Here and elsewhere I have pointed out that we already entered cyber world war I with Russia attacking voting systems in Europe and the U.S. as well as infrastructure in the Ukraine and some Baltic states. The U.S. and Israel have attacked Iran’s nuclear infrastructure wrecking hundreds or thousands of centrifuges used to enrich Uranium.
The list of attacks goes on.
Details, the USS McCain
The ship began construction on the third of September, 1991 at Bath Iron Works in Maine. It launched just a year later in September 1992. DDG-56, the Navy designation for the USS McCain, weighs nearly 7,000 tons empty and fully loaded with crew and supplies about 9,000 tons. This isn't a small boat.
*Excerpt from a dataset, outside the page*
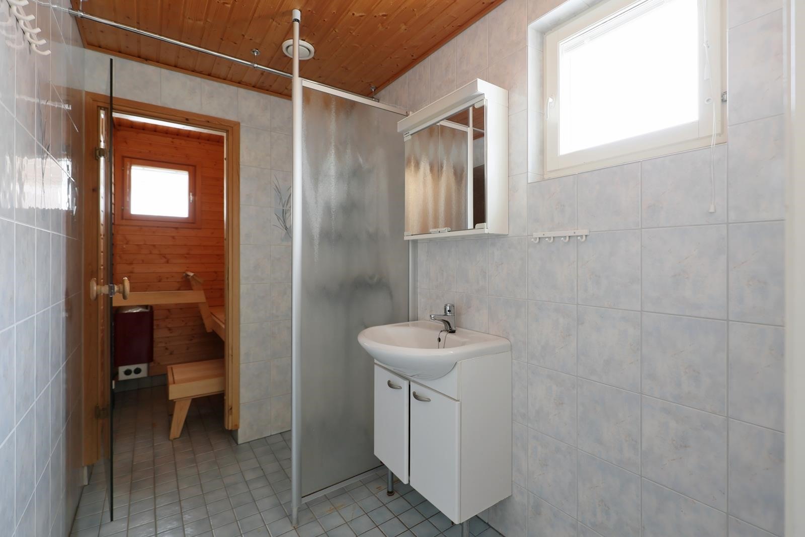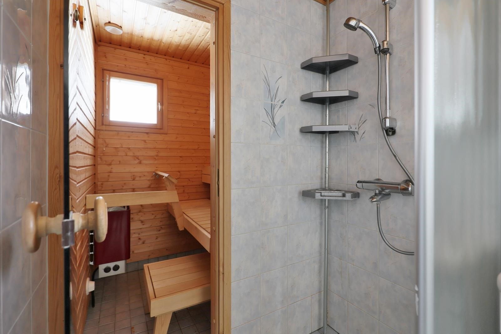 - Sauna, sähkökiuas, kylpyhuone, erillinen wc, suihku, suihkuseinä, peilit, peilikaappi, allaskaappi, pesukoneliitäntä, lattialämmitys, kiinteät valaisimet. Lattialämmityksen termostaatti uusittu 1/2026.

She is 505 feet long and has a range at an economical 20-knot speed of 4,400 nautical miles or less at the reported maximum cruising speed of 30 knots. She is 66 feet wide (beam) and draws 31 ft. (the bottom is 31 feet below the waterline.) She is powered by 4 LM2500-30 gas turbines driving two shafts with a total of 100,000 horsepower reported output.
(Please be aware that being a war vessel the Navy may fudge some of those numbers on the low side.)
The USS McCain is manned by 33 commissioned officers, 38 chief petty officers, and 210 enlisted personnel, ten of whom are missing after the collision.